Moving Mountains
I’m out the door a little before 9:30 with just enough time to squeeze in a swim before my 12:00 meeting. I have to meet with outside counsel so I better be back in time because they charge by the hour. It’s overcast skies this morning but I see hints of blueness here and there coming and going in varying levels of luminosity. As I drive to the beach, there are moments where the sun seems to rally and I can feel its heat coming through my windows. Then it fades a few seconds later. Come on sun! We can do this! As if I can play some active role in the play between cloud and sun. Didn’t Jesus say if we had faith as small as a mustard seed, we could move mountains? I’m gonna keep trying.
I get to the beach and I don’t care what the cloud situation is here, it’s beautiful. As I look south, the clouds appear dark and dense but seem to grow softer as I look north and east. I’m starting to see true blue sky just east of the bluff at the edge of the shore. That sky leaks its light onto the water and gives it this soft and ethereal blue tone that I must say is delightful to look at.
The water washes over my feet and it feels good. I feel so fortunate that I get to spend time here. Once I immerse myself in that water, my work is a world away. My work is by no means terrible but I’d sure rather be here. I think of my coworkers who are spread out over the country and also India. None of them get to do this. I try to imagine what it would be like to envision this activity without having ever participated. When I think of getting into the water for a swim, I know exactly what that is like. However to the majority of my fellow humans, there is simply no contextual foothold on which to stand.
I walk out into the small surf. Yep! It’s exactly how I imagined it would be. Still, it is completely different from my last swim and the one before that.
I swim south. My skin feels a little cold for the first 20 seconds and then it’s all just nice. I try to collapse my attention onto this feeling of being in the water. I feel free. I feel good and I feel free. When I am in the water, I often attribute deific qualities to the ocean that immediately surrounds me. I realize this is all purely metaphoric but also it is not. I think we all have access to a mindset where imagination can invade our reality. We inhabit a perception where our field of vision becomes creative expression. I follow this perspective and the water becomes love. I am surrounded in love. The act of swimming, even breathing here, becomes a means of cycling that love in an embodied manner.
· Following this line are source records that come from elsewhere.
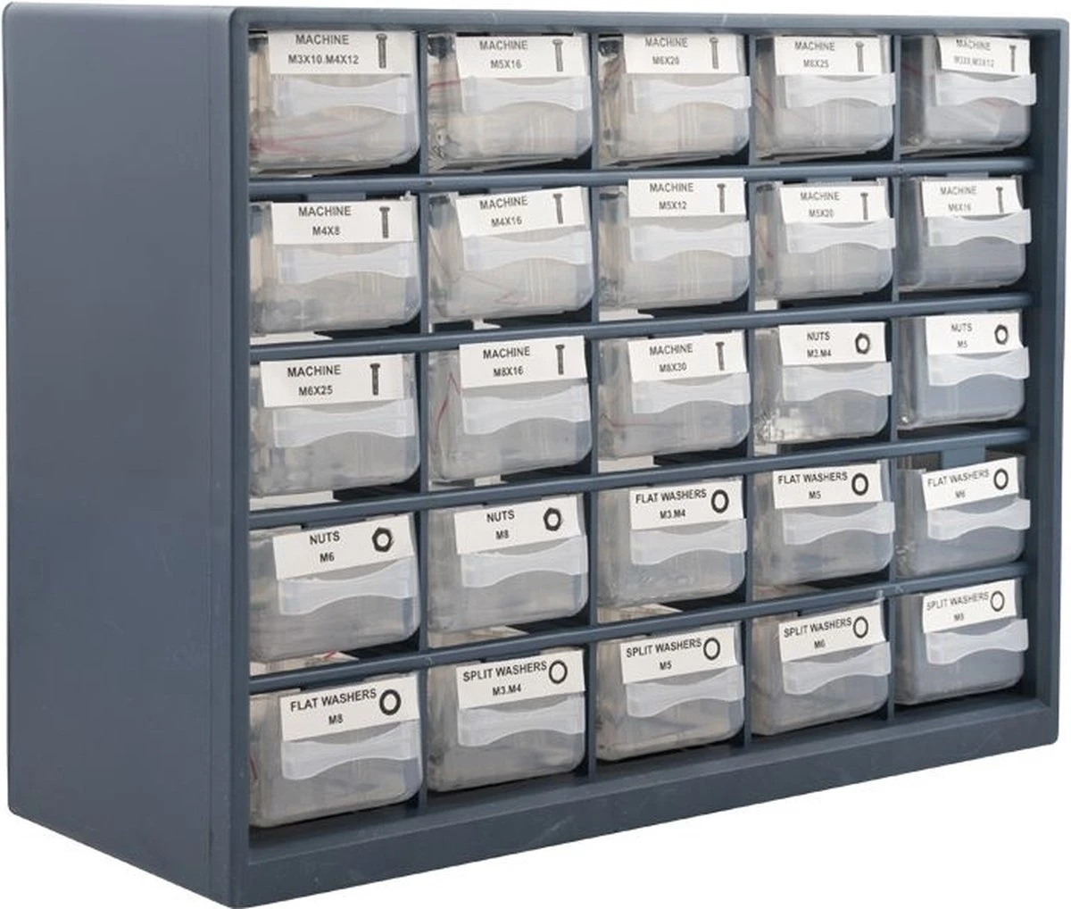 Opbergkast met 25 lades gevuld met bouten, moeren en ringen.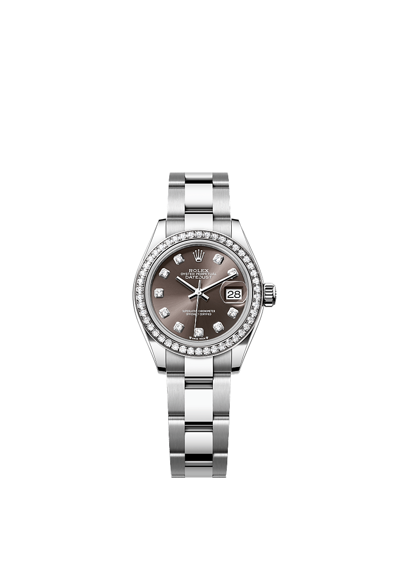 Oyster Perpetual Lady-Datejust ทำจากOystersteel และทองคำขาว โดดเด่นด้วยหน้าปัดสีเทาเข้ม, ประดับเพชร และสาย Oyster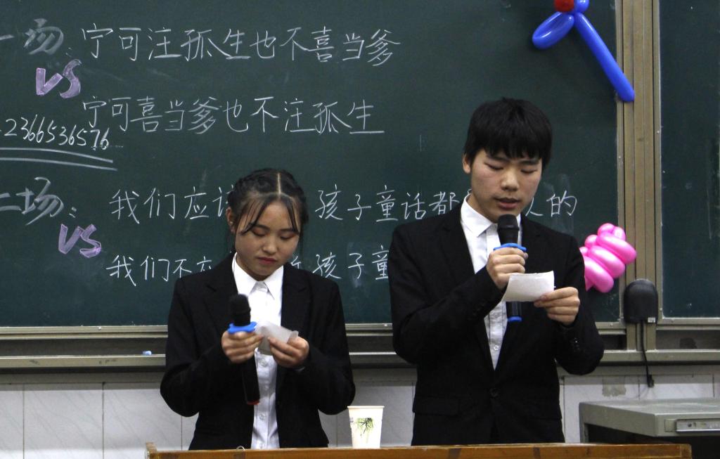 本次辩论赛表演赛分两场。第一场辩题是宁可注孤生也不喜当爹和宁可喜当爹也不注孤生,第二场辩题为我们应不应该告诉孩子童话都是骗人的。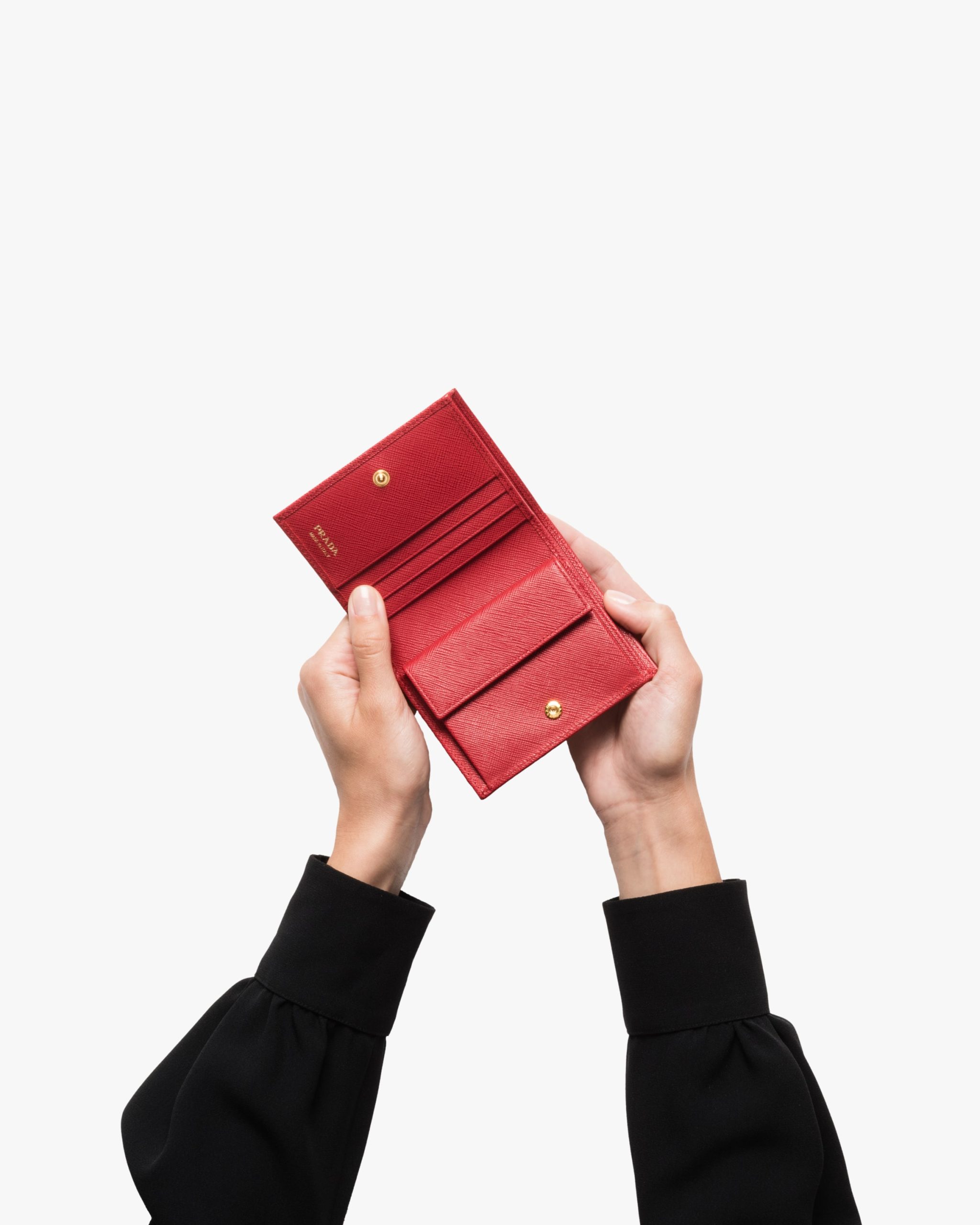 This monochrome wallet in fine Saffiano leather has an elegant minimalist design enhanced by the lustrous gold-tone lettering logo. There are several compartments and pockets inside.

I’ve been thinking of how I envision myself lately and I find myself reflecting upon this here. I’ve had some experiences these last couple of weeks where I have not been so nice to myself. I’ve wandered well outside of my comfort zone and done some things that have not been so socially graceful. It’s easy for me to tell myself what a misfit I am. I do this and it becomes a slippery slope until I have to stop myself from sliding as I realize that I am the one who chose to slide down the slide and I have the power to pull myself back up. I have the power to create the story I spin about myself. Sure, I can choose the misfit story. Like everyone else, I do some things that are less than skillful. Also like everyone else, I do have strengths and am overall a pretty competent person. I like the “competent” story. It’s completely truthful and makes me feel much better about myself. When I subscribe to this more positive story, everything looks and feels better. The gravity I walk in becomes far less dense. I can move forward with more ease.
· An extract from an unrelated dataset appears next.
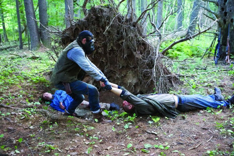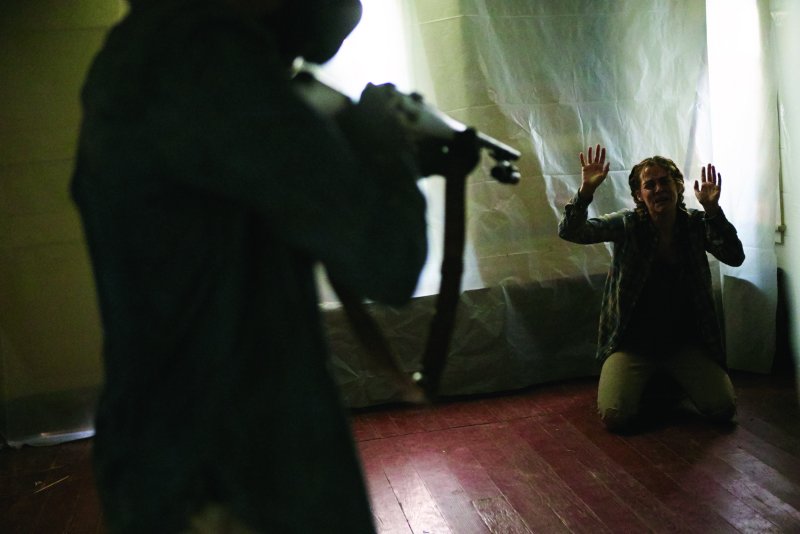 “Llega de noche” se rodó en el Estado de Nueva York, en una zona amplia que integra la colonia del artista Byrdcliffe cerca de Woodstock. El sitio tenía muchos cuartos de campesinos, donde Paul alberga a la familia de Will en la película, y resultó ser un escenario ideal para la vida doméstica que Shults imagina amenazada por un apocalipsis invisible. Gran parte de la historia ocurre en un solo lugar, en una serie de pasillos y habitaciones que con el tiempo se convierten en el campo de batalla para las dos familias que terminan declarándose una guerra física y también psicológica. “En mi anterior película, el foco central era una persona que regresa después de haber estado lejos mucho tiempo”, explica Shults. “Pero esto fue lo contrario: comenzamos con una familia antes de que los extraños aparezcan, y luego observamos qué ocurre entre ellos. Me interesa confinar a los personajes en un lugar y ver qué es lo que estalla”.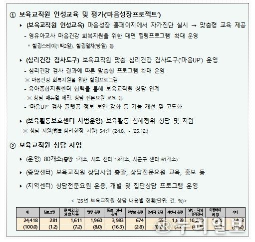 첫째, 중앙·지방 육아종합지원센터에 보육교직원의 보육활동을 보호·지원하는 전담조직을 둘 수 있도록 법적 근거를 마련했다. 이를 통해 보육교직원이 부당하게 보육활동 침해를 당하는 경우 전담조직을 통해 심리·법률지원 등 보호·지원을 받을 수 있도록 했다.

So I swim and every stroke of my arms becomes a choice to weave a better story. Every kick is another threading of the needle to create a garment far more comfortable than the hair shirt thrown together by the misfit narrative. I stare at the horizon and the lifeguard tower with the hills of Laguna standing behind it and I project my competent self out into these distances as an act of faith. I trade in one set of beliefs for another. With these new beliefs, I may just be able to move mountains.